Series I Savings Bonds – a primer
October 25, 2022
What are I Bonds?
Series I Savings Bonds (“Inflation Bonds” or “I Bonds”) are inflation-indexed bonds issued and backed by the U.S. Treasury. I Bonds accrue interest for 30 years.
How do they earn income and how are they taxed?
Interest is earned monthly and compounded semiannually, meaning the interest earned over the previous six months is added to the value of the bond. Accrued interest is paid to the owner of the bond either at maturity or when the bond is cashed in, not when it is earned.
Interest earned during a calendar year is subject to federal income tax in that year, and I bond holders receive form 1099-INT annually. Interest on I Bonds is not subject to state or local income taxes. Holders of I Bonds can elect to defer payment of Federal income taxes on the accrued interest until the bond is redeemed or matures.
How is the interest calculated?
The interest rate is a combination of a “Fixed Rate” and an “Inflation Rate” and is known as the “Combined Rate.”
The Fixed Rate is an annual rate and is set for the life of an I Bond. Once an I Bond is purchased, its Fixed Rate never changes. The current annual Fixed Rate for all new I Bonds is 0.00% and has been between 0.00% and 0.50% since November 2016.
The Inflation Rate is a semiannual rate and adjusts every May 1 and November 1 based on the six-month change in the Consumer Price Index (CPI-U) report. For example, the Inflation Rate used in the May-October 2022 period was determined by the change in the CPI Index from October 2021 – March 2022. The current annualized interest rate is 9.62%. For the five years prior to May 1, 2021, the annualized Inflation Rate was around 2.00%.

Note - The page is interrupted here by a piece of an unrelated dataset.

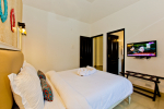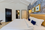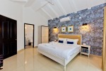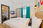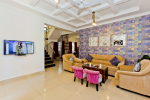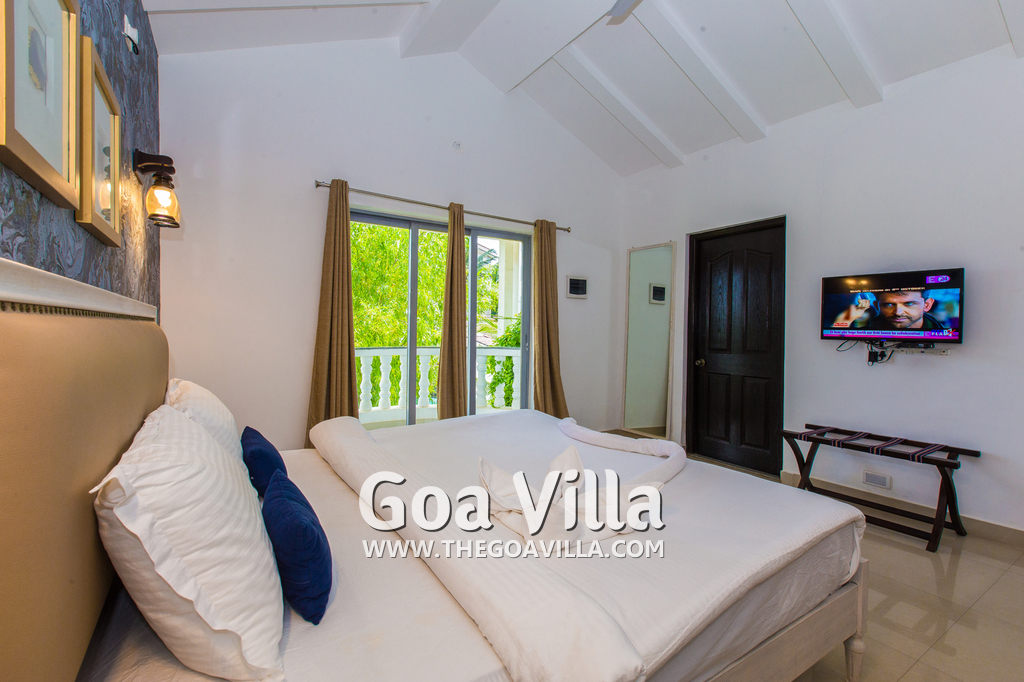 Bedrooms – Ground floor has 1 bedroom. The 2 others are on the 1st floor and are en-suite. One of them has a small attached balcony. There are 2 other huge balconies on the 1st floor. All the bedrooms are air-conditioned. The bedrooms have large comfortable beds with extra cushions, side tables, wardrobe, wall-mounted television, paintings on the wall, and a large mirror. One wall has textured painting.
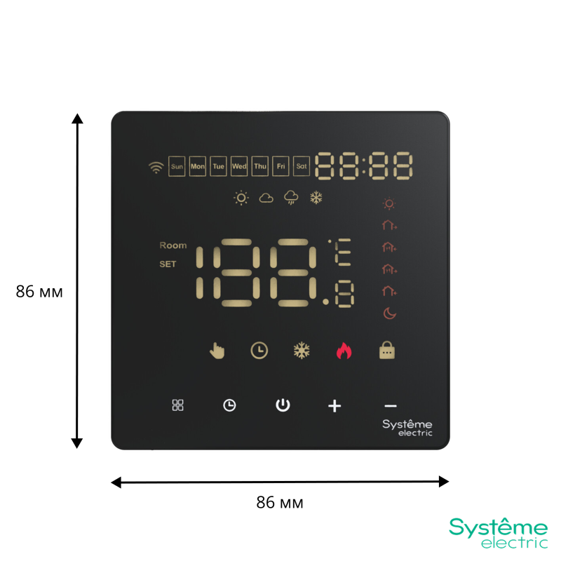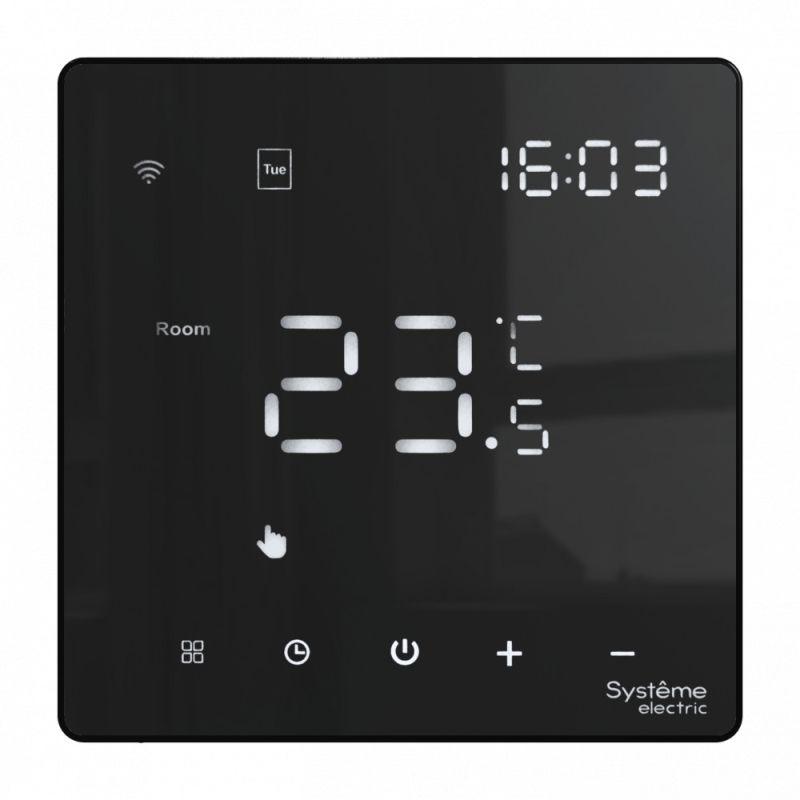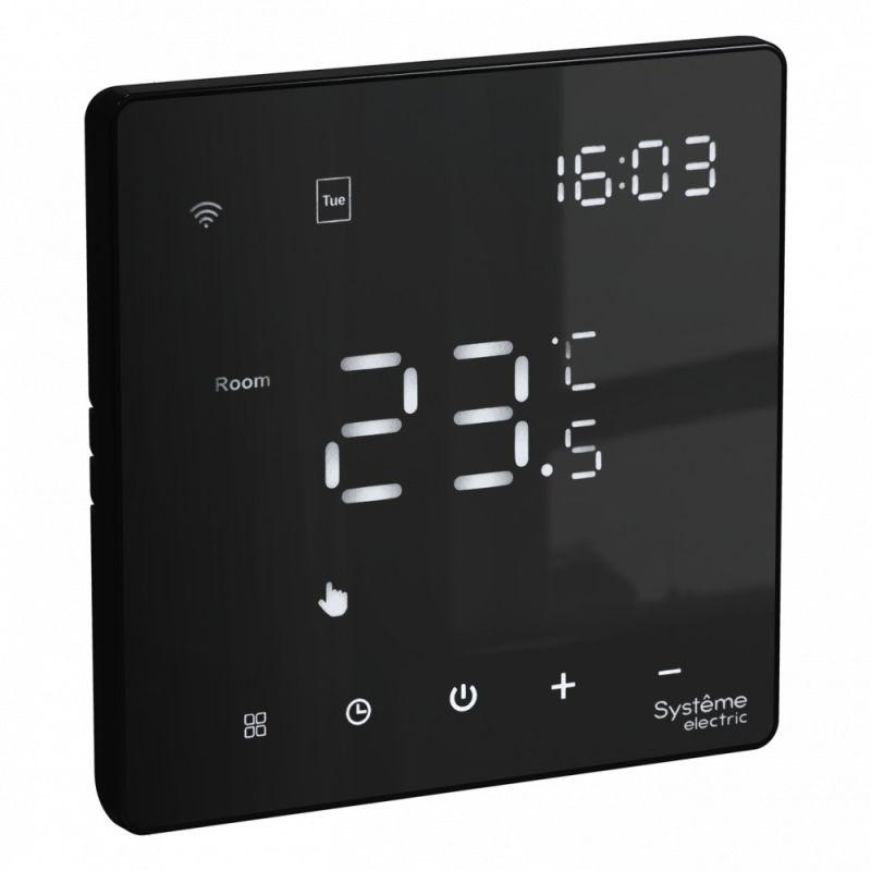 - Термостат программируемый ArtGallery 16А с Wi-Fi для электрич. теплого пола моноблочный черн. SE GAL001038

The Combined Rate, also a semiannual rate, is the sum of the Fixed Rate and the indexed Inflation Rate and adjusts every May 1 and November 1. The annualized Combined Rate for recently issued bonds (May-October 2022) is 9.62%. The guaranteed minimum Combined Rate is 0.00%, even if there were to be a protracted period of negative inflation (deflation). For the period of 2016-2021, the Combined Rate did not exceed 3.00% annually.
How do I purchase an I Bond?
I Bonds can be purchased through Treasury Direct at www.treasurydirect.gov.
How much can I buy?
An individual can buy up to $10,000 of I Bonds each calendar year, held electronically, and an additional $5,000 in paper bonds when purchased using your federal income tax refund ($5,000 limit per tax return). Trusts can purchase I Bonds and parents can purchase them for their children.
When can I get my money?
I Bonds can be cashed in after holding the bond for 12 months. However, a penalty of 3 months’ interest is charged if a bond is redeemed that has been held for less than five years.
Our Thoughts
- I Bonds are designed to provide returns that keep up with inflation before federal taxes.
- I Bond interest rates are most attractive when inflation rises and remains high.
- I Bond returns should decline as inflation declines and can be as low as 0.00%.
- Unless one chooses to defer the payment of Federal income taxes, some investors may not be comfortable paying taxes on interest income accrued but not yet collected, since interest on I Bonds is only collected at the time of redemption.
- This is the first time the U.S. economy has seen a protracted period of inflation since the Volker era (the late 1970s).
- If investors believe the Federal Reserve will succeed in bringing inflation down to their target of 2%, high-quality long-term bonds, both taxable and tax free, should provide most investors with better returns than I Bonds over the intermediate and long term.
- The small amount of I Bonds one can purchase annually is not meaningful for affluent individuals.